Causal Loop Analysis Can Identify Solutions to Complex Dog Management Problems in Remote Australian Aboriginal Communities.

Companion animal management in Australian remote Aboriginal communities (rAcs) is a complex problem with multiple stakeholders involved, with differing needs, knowledge, power and resources. The Comm4Unity (Cycle of Multiple Methods for Unity-For Community) approach was designed to address such problems. This study represents the second step of the Comm4Unity framework, where a causal loop analysis (CLA) was adapted and tested as a tool to address the issue of dog overpopulation in Wurrumiyanga, and in particular the systemic causes of the problem and necessary transformational management solutions. Ten focus group discussions (FGDs) were held amongst three of the four stakeholder groups identified during the first step in the analysis. The CLA identified 13 positive feedback loops, which drive vicious cycles and perpetuate the dog overpopulation issue. All three groups agreed and developed 22 solutions to address the causes of dog overpopulation. Despite the differences in the framings of the three groups, "training" and "education" were both the top priority solutions for all three groups. The majority of the solutions discussed by the groups were not only transformational but also social, requiring collaboration. This study was successful in so far as transformational actions were co-developed by all FGDs, which may have also built capacity and agency amongst the local community to implement them as a cohesive group.

Frame Analysis: An Inclusive Stakeholder Analysis Tool for Companion Animal Management in Remote Aboriginal Communities.

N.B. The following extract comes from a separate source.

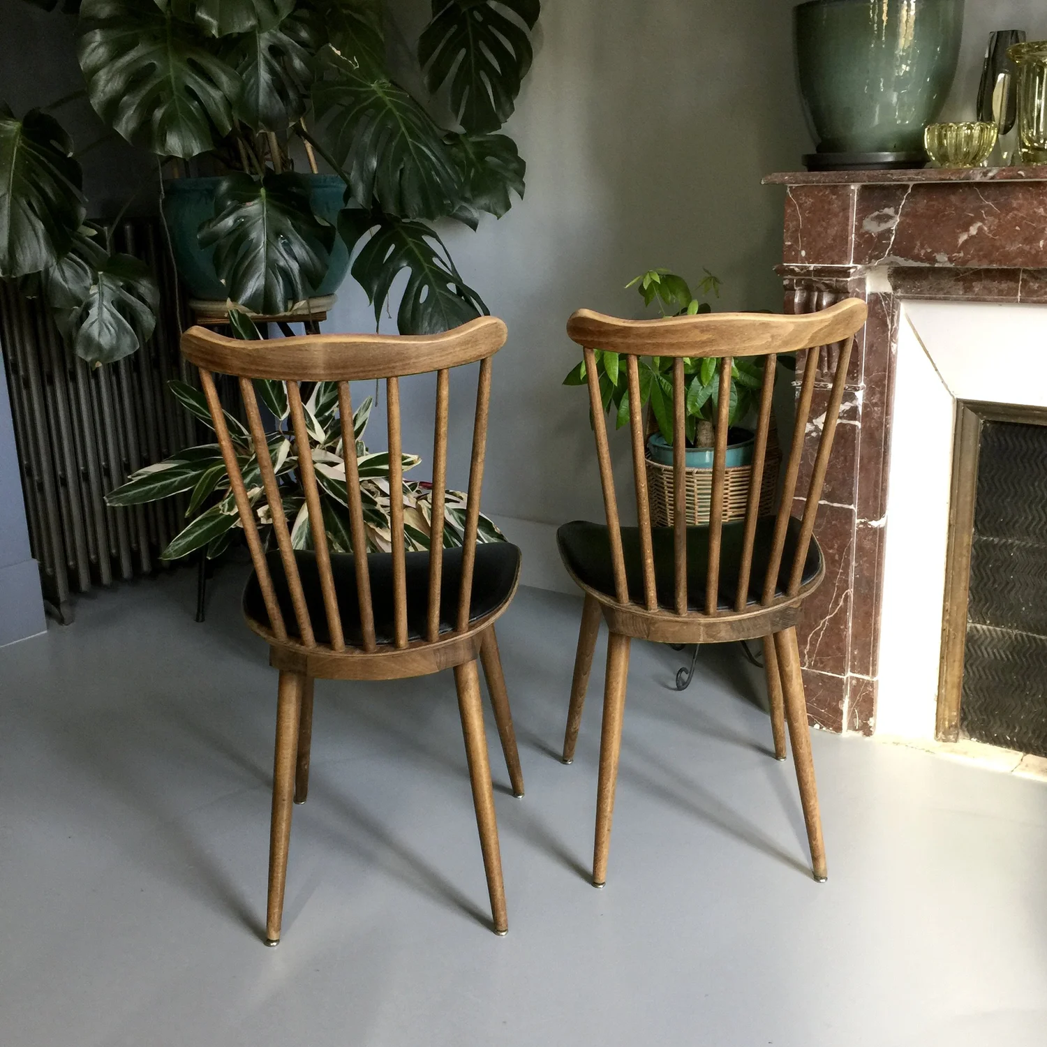 chaises Baumann noires vintage 1960.JPG

Companion animal management in Australian remote Aboriginal communities (rAcs) is a complex problem, with multiple stakeholders involved with differing needs, knowledge, power and resources. We present our CoMM4Unity approach, a participatory systemic action research process designed to address such problems. In the first step, frame analysis is used to analyse stakeholders' perspectives, knowledge types and power dynamics to determine their relative roles in animal management. Twenty individuals were interviewed from stakeholder groups involved in animal management in the remote, island rAc of Wurrumiyanga, Tiwi Islands. Frame analysis indicated that stakeholders aligned into four groups with distinct identity frames, knowledge types and power frames: Indigenous Locals, Indigenous Rangers, Non-Indigenous Locals and Animal Managers. All four groups shared overlapping perceptions about companion animals in Wurrumiyanga, and agreed that dog overpopulation was the primary issue. However, the groups differed in their strength of opinions about how dogs should be managed. Therefore, the situation is not one of diametrically opposing frames but more a misalignment of goals and values. Our application showed that frame analysis can reveal subtle variations in stakeholder groups' identities, goals and values, and hence how they prioritise management measures.